Write the lines below out exactly, dropping each picture.

━━ Dataset extract

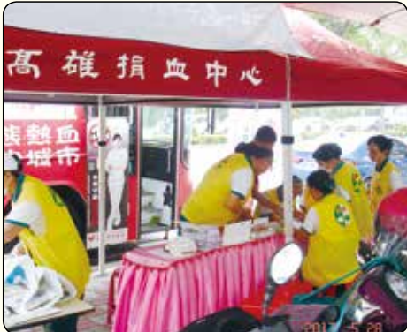
▲高雄鳳山分會·高雄澄清路家樂福捐血活動
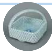
染付 網目文 手鉢 伊万里 江戸時代(18世紀後半)

本展の半券を戸栗美術館の上記展覧会でご提示いただくと、200円割引でご覧いただけます。また、上記展覧会の半券を当館でご提示いただくと、本展を100円割引でご覧いただけます。※1枚につき1名様、1回限り有効。他の割引との併用不可。
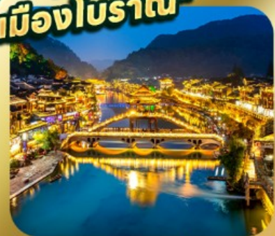
"เมืองโบราณเฟิ่งหวง"

━━━━

**Task answer:**
▲高雄鳳山分會·高雄澄清路家樂福捐血活動
染付 網目文 手鉢 伊万里 江戸時代(18世紀後半)

本展の半券を戸栗美術館の上記展覧会でご提示いただくと、200円割引でご覧いただけます。また、上記展覧会の半券を当館でご提示いただくと、本展を100円割引でご覧いただけます。※1枚につき1名様、1回限り有効。他の割引との併用不可。
"เมืองโบราณเฟิ่งหวง"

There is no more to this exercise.